TEL’s Dump Flubbed GDP Day’s Maginot Defense!

I had been oblivious that today was GDP day. It took me almost the close of today’s trading session to discover this through international news.

Two reasons why I didn’t expect GDP day

One, pre-GDP days have usually been accompanied by huge volatility. The precursor to the 2Q 2015 GDP announcement had been an enormous dump. The next three “much improved GDP” were all highlighted by massive pre-GDP pumps! Pumps and dumps signified either heavy speculations on expectations of GDP outcomes or trades which emanated from insider tips or both. 

This time seemed unusually quiet. 

Of course, the irony appears to be that this bizarre tranquility emerged even as 2Q GDP has accounted for best number since 2013.
  
Perhaps the pump will come tomorrow. 

Two, previous announcements were done at the close of the month. For instance, the 2Q GDP was released in August 27, 2015, 3Q GDP in November 26, 2015 and 4Q GDP in January 28, 2016. It must have been a change of schedule which began in 1Q 2016 where GDP was released in May 19, 2016 

So this was unexpected on my part.

Nevertheless when the GDP was announced, like Pavlov’s dogs, panic buying ensued. Unfortunately, selling pressures reappeared and brought the PSE back to neutral. From here the headline index bobbed and weaved between marginal gains and losses.

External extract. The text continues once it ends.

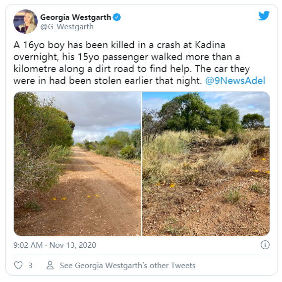 今天凌晨,在南澳约克半岛的Kadina发生一起交通事故。一名16岁的少年驾驶一辆刚偷来的汽车后发生事故,当场身亡。同车的好友不得不在深夜的土路上步行一公里多求救。 重大事故调查人员在凌晨5点15分左右赶到现 ...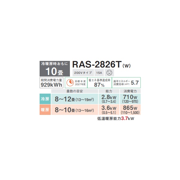 型番:RAS-2826T-W / RAS2826TW / RAS2826T

But then again, since the Maginot 8,000 line has to be defended, thereby every session has to end with a marking the close. 

Unlike yesterday when losses were materially trimmed (about one third of pre-market intervention phase), today looked a lot benign. The PSEi closed with “humble” .08 gains 

Yet again headline numbers don’t tell of the story behind the scenes.

​ 
There was a significant attempt to push the index higher via the marking the close pumps by three major sectors—holding, industrial and financials 

Unfortunately, some people decided to play the role of a spoilsport. That’s because the service sector had been dumped at the close! (lower right window)

While these issues were key to the upside move for the respective sectors, TEL was brutally sold. Tel’s 1.95% marking the close dump accounted for 60% of the day’s 3.26%! Had there not been a TEL selloff, the Phisix might have risen by at least .3%! Note SECB isn’t part of the PSEi 30. 

It’s truly amusing to see how Philippine stocks have been overwhelmed by violent price actions.

As one of today’s major PSEi gainers, URC (+3.15%) bounced off the bear market while TEL appears to approach the May lows. Pause for a rotation? Or Newton’s law in motion? 

Given today’s dump perhaps TEL will likely lead the winners tomorrow. 
​ 
On the other hand, vertical price actions appear to have spilled over even to the bench players where ICTSI and LTG prices have also gone vertical! 

Again these are not normal times. 

Instead, such signs of escalating violent price actions or momentum combined by unethical behavior or severe overvaluations signify history in the making.